This doesn't mean that they sit down before every crime, most crimes or even their first crime, and contemplate a cost to benefit analysis of a criminal action. Weighing negative consequences may be conscious or subconscious, thoughtful or instinctive. And we instinctively know the potential negative consequences of some actions. Even pathetically stupid or irrational criminals will demonstrate such obvious efforts to avoid detection. And there is only one reason for that -- fear of punishment.
When dealing with less marginalized personalities, those who choose not to murder, such is a more reasoned group. It would be illogical to assume that a more reasoned group would be less responsive to the potential for negative consequences. Therefore, it would be illogical to assume that some potential murderers were not additionally deterred by the more severe punishment of execution.
As legal writer and death penalty critic Stuart Taylor observes: "All criminal penalties are based on the incontestable theory that most (or at least many) criminals are somewhat rational actors who try so hard not to get caught because they would prefer not to be imprisoned. And most are even keener about staying alive than about avoiding incarceration." (10)
Based upon the overwhelming evidence that criminals do respond to the potential of negative consequences, reason supports that executions deter and that they are an enhanced deterrent over lesser punishments.
IV. The pre trial, trial and death row evidence - the survival effect
At every level of the criminal justice process, virtually all criminals do everything they can to lessen possible punishments. I estimate that less than 1% of all convicted capital murderers request a death sentence in the punishment phase of their trial. The apprehended criminals' desire for lesser punishments is overwhelming and unchallenged.

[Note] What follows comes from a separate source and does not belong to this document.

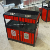 HC3208环畅钢木垃圾桶整个垃圾桶外形是一款方形的户外垃圾箱,前面两扇正对开门,每一扇门上均装有锁具,防止内胆的丢失。在门的正前方和背后用钢板钉有钢板的分类标识,分类清晰;桶内装有两个大号镀锌板内胆。

Of the 7300 inmates sentenced to death since 1973, 85, or 1.2% have waived remaining appeals and been executed. 98.8% have not waived appeals. The evidence is overwhelming that murderers would rather live on death row than die. Why? The survival effect -- life is preferred over death and death is feared more than life. Even on death row, that is the rule.

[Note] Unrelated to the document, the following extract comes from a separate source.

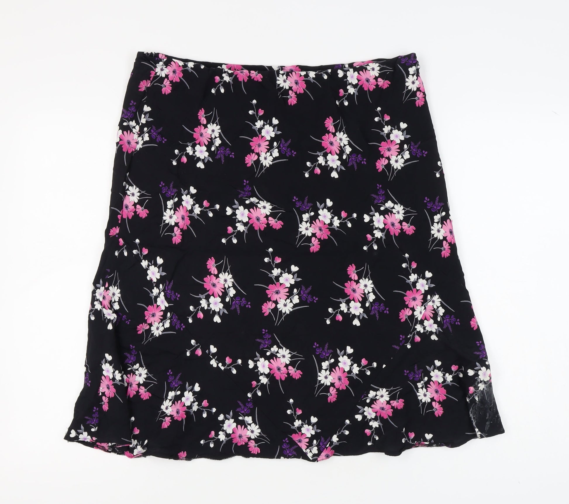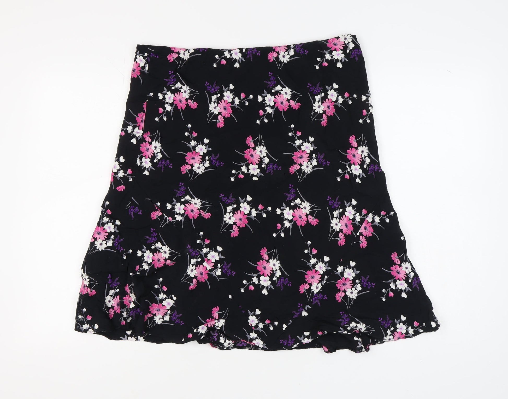 BHS Women's Black Floral A-Line Skirt Size 16

Even such marginalized personalities as capital murderers fear death more than imprisonment. And that which we fear the most, deters the most. (kudos to Ernest van den Haag and many others)

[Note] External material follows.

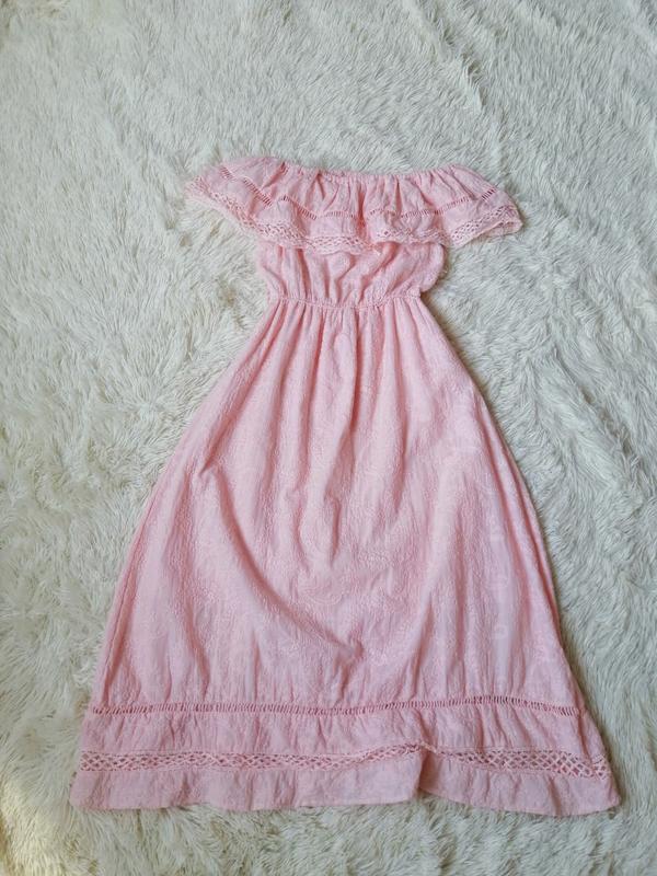 Сукня довжина міді натуральна бавовна відкриті плечі волани прошва

It is logical to conclude that some of those less marginalized personalities, who choose not to murder, also, overwhelmingly, fear death more than life, and, we, thus, logically conclude that some are deterred from murdering because of the enhanced deterrent effect of execution.
The evidence for the survival effect in pretrial, trial and appeals is overwhelming and that weighs in favor of execution as a deterrent and as an enhanced deterrent over lesser sentences.
V. If unsure about deterrence
Common sense, reason and history all support that the potential for negative consequences restricts the behavior of some. But, if unsure of deterrence, we face the following dilemma -- If executions do deter, halting executions causes more innocents to be murdered and gives those living murderers the opportunity to harm and murder again. If the death penalty does not deter, and we do execute, we punish murderers as the jury deemed appropriate and we prevent those executed murderers from harming or murdering again.
Oddly, death penalty opponents believe that the burden of proof is on those who say the death penalty is a deterrent. Clearly it is not. The weight of the evidence, within reason, history, common sense and the social sciences is that the potential for negative consequences restricts the behavior of some. That is not in dispute. Furthermore, if opponents cannot prove it is not a deterrent, which they never have and never will, then they are the ones who risk sacrificing innocents, both by absence of deterrence and reduced incapacitation.
Regardless of jurisdiction, under all debated scenarios, more innocents are put at risk when we fail to execute. Any alleged concern for innocents weighs in favor of executions.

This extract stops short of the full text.